SALL proteins related to SEM-4 participate in early neural differentiation in the brain, are required for neuronal migration in chick neural crest cells, suppress chick neurogenin, and are expressed in the mouse spinal cord ventricular zone (Ott et al., 2001; Barembaum and Bronner-Fraser, 2004; Parrish et al., 2004; Sweetman and Münsterberg, 2006), suggesting that these proteins may indeed be relevant for spinal cord motoneuron and/or pancreatic islet development. However, their activities in these contexts have not been assessed. Similarly, roles for HOX proteins in neural and pancreatic development have been demonstrated (Aigner and Gage, 2005; Li et al., 2017; Tan et al., 2016; Catela et al., 2016; Larsen et al., 2015; Shi, 2010), but specific interactions with the neurogenin pathway have not been extensively studied.
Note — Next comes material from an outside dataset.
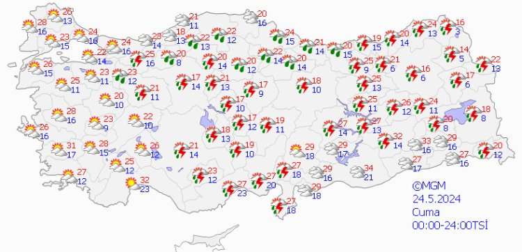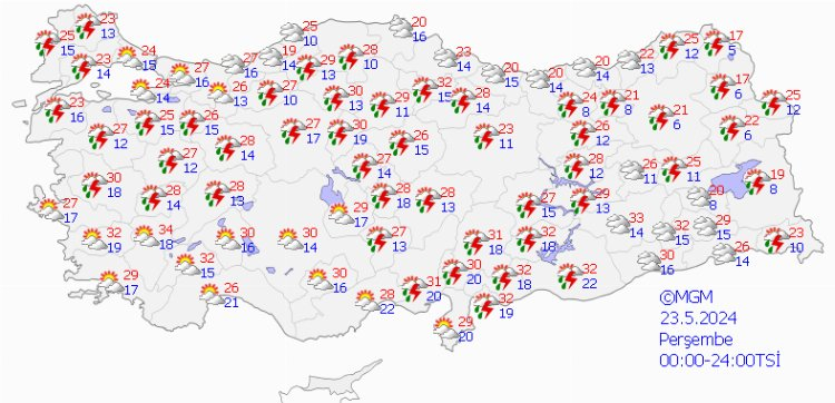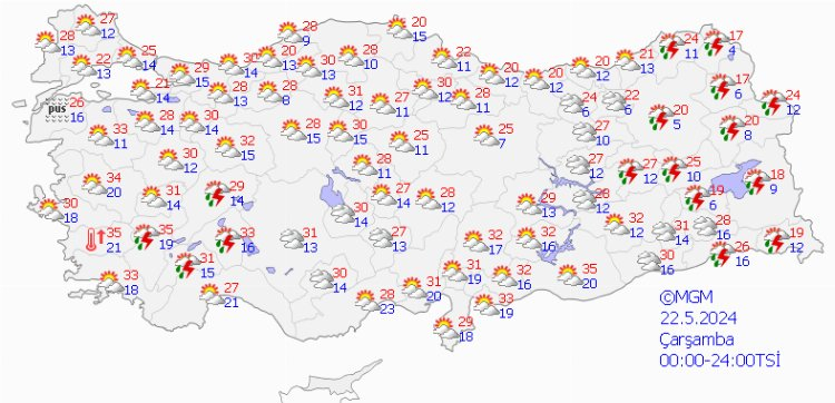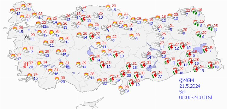 Meteoroloji Genel Müdürlüğü tarafından yapılan son değerlendirmelere göre: Yurt genelinin parçalı yer yer çok bulutlu, Akdeniz’in iç kesimleri, İç Anadolu’nun güneyi ile Afyonkarahisar, Ankara, Çankırı, Kars, Ardahan, Bitlis, Van, Hakkari, Gaziantep ve Kilis çevrelerinin yerel sağanak ve gök gürültülü sağanak yağışlı geçeceği tahmin ediliyor.

Cytoskeletal organizers as regulators of gene expression

Our finding that genes controlling cytoskeleton organization are required for transcriptional maturation of the PDA motoneuron is surprising, as it is not immediately clear how these cytoplasmic proteins can affect nuclear events. Recent studies demonstrate that ankyrin proteins, related to C. elegans UNC-44, are required for pancreatic islet function (Healy et al., 2010), and ankyrins have been studied extensively for their roles in neuronal cytoskeleton organization and protein filtering into neuronal processes (Nakada et al., 2003; Jenkins et al., 2015; Sobotzik et al., 2009; Dubreuil and Yu, 1994; Jegla et al., 2016; LaBella et al., 2020). How could these roles be tied to transcriptional control? One possibility is that cellular polarity establishment, which requires cytoskeletal components for localizing proteins that initiate maturation, activates transcription factors that promote expression of terminal-differentiation genes. In neuronal contexts, the cytoskeleton could also monitor synapse maturation (LaBella et al., 2020), setting up a retrograde signal that influences nuclear transcription. Such retrograde signaling has been described in several contexts (Hendry et al., 1974; Feldman et al., 1999; Scheiffele et al., 2000; Asmus et al., 2000; Poo, 2001; Alger, 2002; Baudet et al., 2008). Given the facility with which we identified mutants defective in Y-to-PDA transformation, it is possible that the mechanisms at play could be revealed through additional forward genetic approaches in C. elegans.

Limitations of the study

To examine gene expression, we employed multicopy transgenes containing gene-regulatory sequences fused to fluorescent reporter genes, as well as single-copy fluorescent reporter gene insertions into endogenous loci. Multicopy transgenes may not contain all endogenous regulatory sites, while genomic insertion reporters could perturb chromatin organization, leading to changes in endogenous gene expression. By using both methods, we believe we have exposed relevant gene-regulatory events. Nonetheless, it remains possible that additional complexity in gene control exists.

STAR★METHODS

RESOURCE AVAILABILITY

Lead contact

Further information and requests for resources and reagents should be directed to the lead contact, Shai Shaham (shaham@rockefeller.edu).

Materials availability

All unique strains/stable reagents generated in this study are available from the lead contact without restriction.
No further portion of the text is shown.